Книга: Под алыми небесами
Назад: Часть вторая Соборы Господа
Дальше: Глава шестая

Глава пятая

1
Поздним утром следующего дня на Центральном вокзале Микеле сунул в руку Пино пачку лир и сказал:
– Я пришлю твои книги, и кто-нибудь будет встречать тебя на платформе. Веди себя хорошо и передай от меня привет Миммо и отцу Ре.
– А когда я вернусь?
– Когда здесь будет безопасно.
Пино с несчастным видом посмотрел на Туллио – тот пожал плечами, а потом на дядю Альберта – тот разглядывал свои туфли.
– Неправильно это, – сказал он, в ярости схватил рюкзак, набитый одеждой, сел в почти пустой вагон и, кипя от злости, уставился в окно.
С ним обращаются как с малолеткой. Но разве это он падал на колени и плакал у всех на глазах? Нет. Пино Лелла принял удар и выстоял, как мужчина. Но что он мог сделать? Бросить вызов отцу? Спрыгнуть с поезда? Уйти к Белтрамини?

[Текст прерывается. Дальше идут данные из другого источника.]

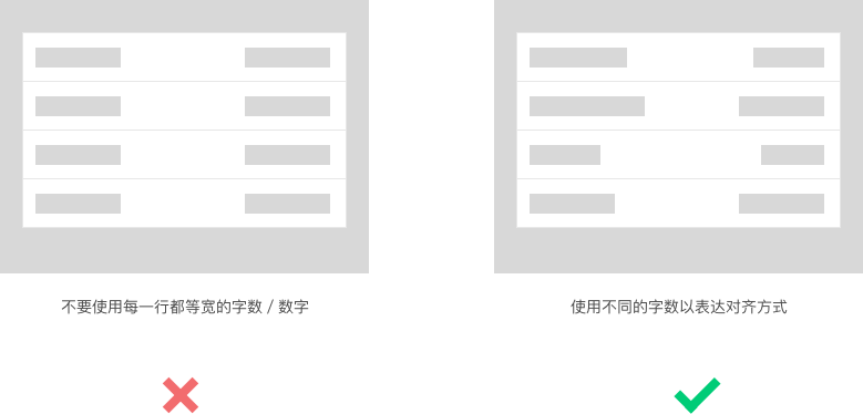 列表或表格上下行不要使用等宽的文本内容,而要展现不同长度的内容以表达对齐方式。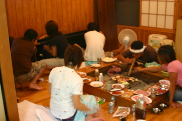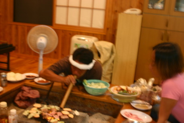 宴は最高潮に盛り上がり、ギターに島焼酎、おいしいお肉や、野菜。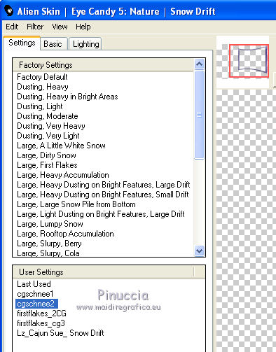 Metti il preset cgschnee2 nella cartella del filtro: Alien Skin Eye Candy 5 Nature>Settings>SnowDrift. Se preferisci puoi importarlo, quando ti servirà, dalla cartella in cui hai scompattato il materiale.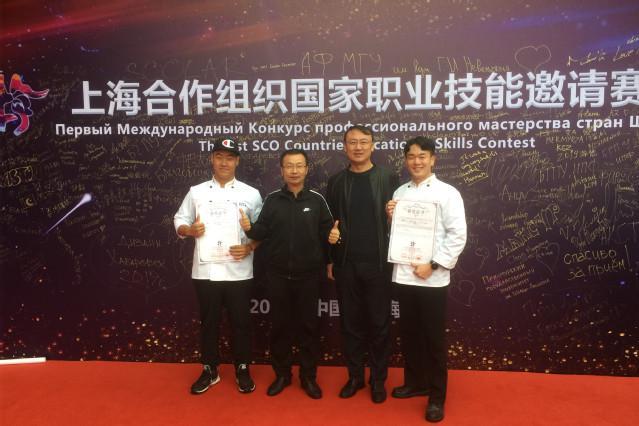 11月10日—13日,2019年首屆上合組織國家職業(yè)技能大賽在威海職業(yè)學(xué)院舉行。青島酒店管理職院選派韓國彗田大學(xué)留學(xué)生金男泰獲得烹飪(西餐)國際組賽項一等獎,西餐工藝專業(yè)學(xué)生韓昊獲得烹飪(西餐)國內(nèi)組賽項二等獎。

Состав дернулся и заскрежетал, отходя от вокзала, проехал через депо, где под присмотром немецких солдат сотни людей с пустыми глазами, многие из них в поношенной серой форме, грузили на платформы ящики с запасными частями для танков, винтовками, пулеметами, бомбами и снарядами. Вероятно, это военнопленные, расстроенно подумал Пино. Он высунул голову из окна и разглядывал их, пока поезд проезжал депо.
Через два часа пути поезд, миновав подножия холмов у озера Комо, направился к Альпам. В обычной ситуации Пино разглядывал бы озеро, красивее которого, по его мнению, в мире не было. Еще ему нравился городок Белладжио на южном берегу озера. Тамошний роскошный отель напоминал розовый замок из сказки.
Но сегодня он смотрел вниз на дорогу вдоль восточного берега Комо и длинную цепочку грузовиков, наполненных грязными людьми с пустыми глазами, на многих была та же серая форма, которую он видел в депо. Их были сотни, а может, тысячи.
«Кто они такие? – недоумевал он. – Где их арестовали? И почему?»
Он продолжал думать о них следующие сорок минут, и позднее после пересадки, и когда сошел в городке Кьявенна.
Немецкие солдаты там словно и не замечали его. Пино вышел из вокзала, и впервые с сегодняшнего утра настроение у него улучшилось. Стоял теплый, солнечный день начала осени. Воздух был свежий и ясный, а Пино направлялся в горы. Теперь все будет хорошо, решил он. По крайней мере, сегодня.
– Эй, малец! – позвал его кто-то.
Жилистый парень приблизительно одного возраста с Пино стоял, опершись на старый «фиат-купе». На нем были полотняные рабочие брюки и заляпанная маслом футболка. Изо рта торчала сигарета.
– Кого это ты называешь мальцом? – спросил Пино.
– Тебя. Ты ведь малец Лелла?
– Пино Лелла.
– Альберто Аскари, – сказал парень, ударяя себя по груди. – Мой дядюшка попросил встретить тебя и привезти в Мадезимо.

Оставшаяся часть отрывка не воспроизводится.